Characterizing the Maternal-Zygotic Transition in the Haplodiploid Wasp Nasonia

The onset of the maternal-to-zygotic transition (MZT) in animals is dependent upon multiple and variable factors, including maternally deposited transcription factors, DNA methylation, and the nucleocytoplasmic ratio (N/C ratio). While the MZT has been characterized extensively in several model systems, it is unclear how universal the features in those systems are or how the MZT adapts to different genetic systems. To expand the phylogenetic sampling of MZT systems, we have been using the jewel wasp Nasonia. Unlike other models, Nasonia uses a haplodiploid genetic system, where fertilized eggs develop as diploid females and unfertilized develop as haploid males. Also, in contrast to the well-characterized MZT model Drosophila, but similar to most other metazoans, Nasonia has a complete functional DNA methylation toolkit. In this thesis, I functionally characterized the unusual features of the Nasonia MZT. Firstly, the N/C ratio does not appear to play an important role in determining the timing of early embryonic events during the Nasonia MZT. Despite this, key players of the Drosophila MZT, such as Smaug and Zelda, are functionally conserved in Nasonia. Second, I found that a DNA methyltransferase paralog (Nv-dnmt1a) is required for both MZT and global gene body methylation during the MZT Nasonia.

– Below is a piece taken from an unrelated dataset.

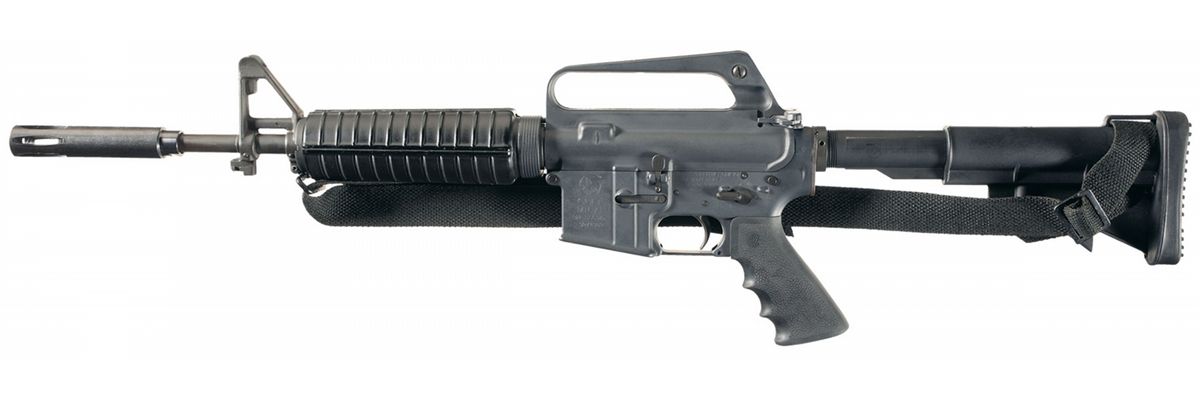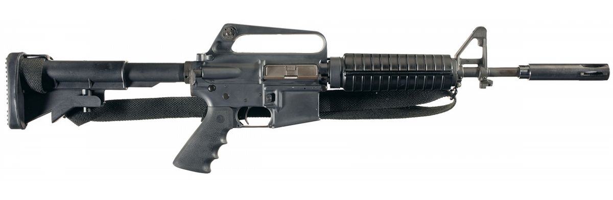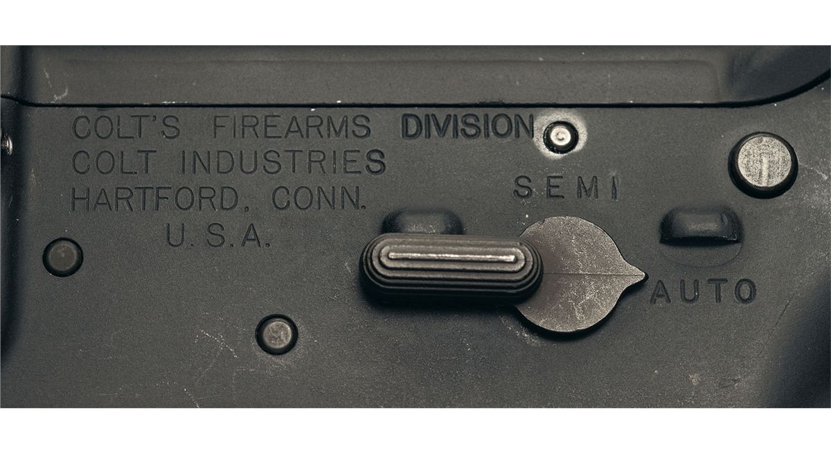 This is a beautiful example of a very rare, original Colt Firearms Division manufactured, fully automatic M16A1 carbine. These original Colt fully automatic M16 series of rifles and carbines are very rare to find on the open market today. These were actually produced on the same manufacturing line as their military counter part using the same military grade, factory original parts. To keep them separate and distinct from the Military weapons they were given their own special commercial serial number designation in the 9 Million serial number range. This model is currently configured to duplicate the earlier XM177E2 series of carbines, that were produced during the Vietnam era. It has a 16 inch chrome lined barrel with Colt type short hand guards with the aluminum heat shields inside, which has been fitted with a longer commercial XM177E2 type flash hider. It has an original Colt M16A1 series upper receiver with the forward assist on the right side with the two-position flip rear sight, an original M16A1 Colt marked bolt and bolt carrier group. Currently it is fitted with a later pattern polymer/plastic sliding buttstock on the original aluminum receiver extension tube and a rubber pistol grip. Both items can be converted back to their original configuration. It has an original Colt M16 type lower receiver with the raised fence around the magazine release button with the reinforced, lower rear section. The left side of the receiver is correctly marked with the Circled Colt Rampant over "COLT/M16A1/CAL. 5.56 MM/9271363" with the rear section marked "COLT FIREARMS DIVISION/COLT INDUSTRIES/HARTFORD CONN./U.S.A.", with "SAFE/SEMI/AUTO" marked around the selector switch. This excellent little carbine is complete with a black nylon sling, but no magazines.

Genes that lost DNA methylation in their gene bodies as a result of Nv-dnmt1a knockdown have reduced transcriptional output, suggesting that gene body methylation is required for robust transcription during zygotic genome activation. Previous work in Nasonia showed that sex determination is largely regulated by the MZT. Using previously generated transcriptome datasets; I identified several candidates that may play a role in establishing female fate in Nasonia. Additionally, I performed a parental RNAi screen looking at the function of over 30 sex-specific transcripts and identified several that were either dispensable for embryogenesis or required for oogenesis. I also performed chromatin accessibility assays to identify regulatory regions for important for embryonic patterning and sex determination to be used for putative enhancer studies. This work represents the first set of functional studies that reveal how the MZT has adapted to different genetic systems in insects outside of Drosophila.